Программа тренировок Лени скорее предполагала интересную комбинацию повторяющихся движений, которые, к моей огромной радости, удивительно напоминали балетные. Своеобразие занятиям придавало и музыкальное сопровождение, которое выбирала Лени. 

Однажды мне пришло в голову, что мы с Лени могли бы начать совместный бизнес в этой области. Помогать женщинам восстановить форму – вот достойное дело, в котором я хорошо разбираюсь... 

Нашим занятиям суждено было завоевать мировую популярность – ни о чём подобном мы даже и не мечтали. Я очень горжусь этим, и возможно, кажусь хвастуньей (пусть я и правда хвастаюсь), но давайте учтём, что я не предвидела такого бума. Кто знал? 

Я привыкла к славе, но это было нечто новое, и я призадумалась. Погодите, а как же мои роли в кино? Как же всё, за что я боролась? Что мне теперь делать с этими наклонами таза? Кажется, фитнес затмил все мои прежние дела, и это беспокоило меня, несмотря на приятное сознание того, что я помогла женщинам изменить жизнь к лучшему. 

Хотя сам бизнес мне очень нравился, но не очень приятно, что для большой части молодёжи, если молодёжь вообще обо мне что-то знает, я «та тётка на видеокассетах, под которые их матери делают зарядку». Однако я горжусь тем, что благодаря моим методикам многие женщины стали лучше относиться к себе и к своему телу.

 

Предательство

На заре нашей совместной жизни с Роже Вадимом (первый муж Фонды. – Прим. ред.)  я не заметила ни одного предупреждающего красного флажка – ни его пьянства, ни пристрастия к азартным играм. Мы подолгу засиживались в его клубе, где он выпивал и время от времени выходил в боковую комнату, чтобы сделать ставку на какой-нибудь гоночный электромобильчик. 

И нас всегда возил шофёр, а я не заостряла на этом внимание. Потом он объяснил, что у него отобрали права на год за аварию, в которую он попал, сев за руль после приёма наркотиков. Я не придала значения и тому, что в тот раз он вёз беременную Катрин Денёв и она едва не потеряла его же ребёнка.

Однажды ночью он привёл красивую рыжеволосую женщину и уложил её в нашу постель рядом со мной. Я и не подумала возразить. Я шла у него на поводу и включилась в командную игру с готовностью и профессионализмом актрисы, каковой и была. Он хочет этого – он это получит, в лучшем виде. 

Нас могло быть трое и больше. Порой я даже выступала зачинщицей. Я достигла таких высот в искусстве подавления своих чувств и расчленения собственной личности, что в конце концов убедила себя, будто получаю удовольствие.

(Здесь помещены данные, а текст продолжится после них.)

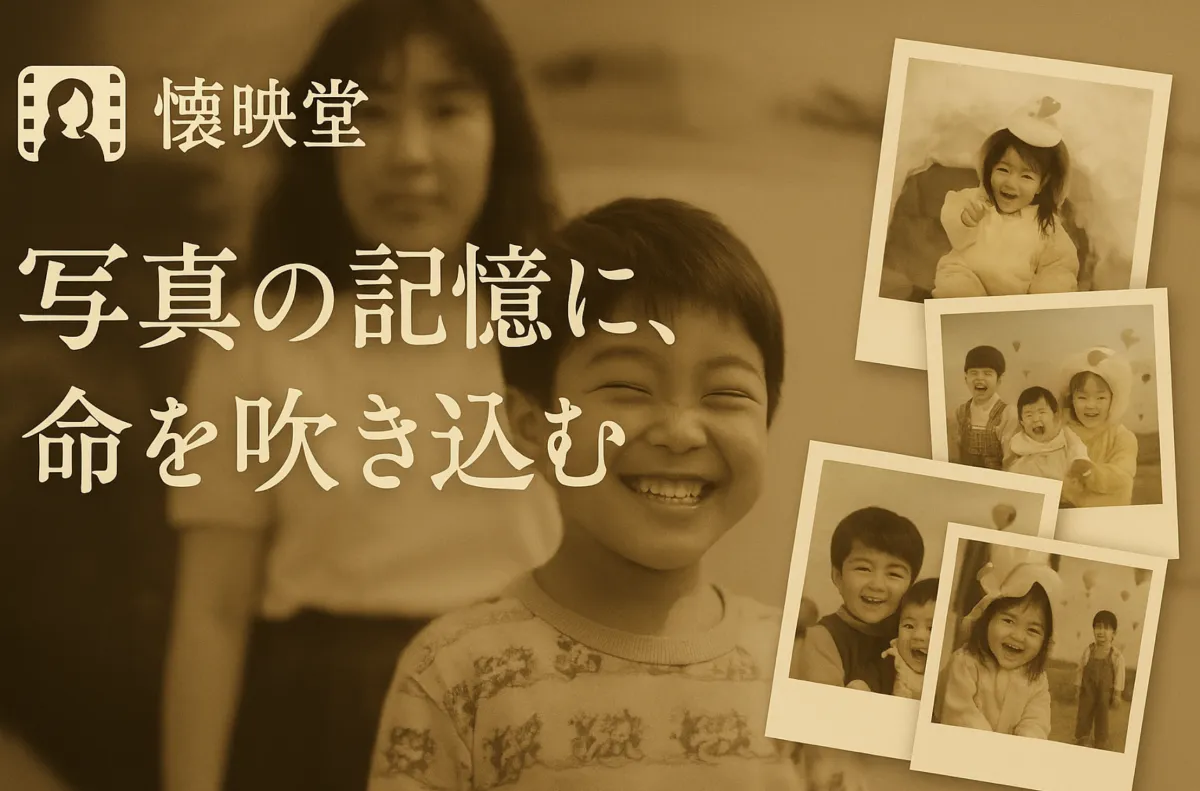 近年、少子高齢化の影響で私たちの家族の在り方や思い出の残し方が大きく変わりつつあります。大切な家族の顔を忘れずにいるために、そして「亡くなった人にもう一度会いたい」という願いは、世代を超えて共通する思いです。しかし、昔の紙の写真は時を重ねるごとに色あせ、手に取ることも難しくなってしまいます。そこで、AI技術を駆使してその願いを実現する新しいサービス、「懐映堂」が登場しました。

В предательстве по отношению к самой себе – в том, что в моей постели против моего желания оказались другие женщины, тем более если нужда не заставляла их делать это, –  я винила только себя.


Почему в самой интимной сфере, за закрытыми дверями, я добровольно изменяла себе? Очень просто: абстрагируясь от самой себя из-за низкой самооценки (я недостаточно хороша) или в результате насилия, женщина пренебрегает собственными желаниями и слышит только мужчину.     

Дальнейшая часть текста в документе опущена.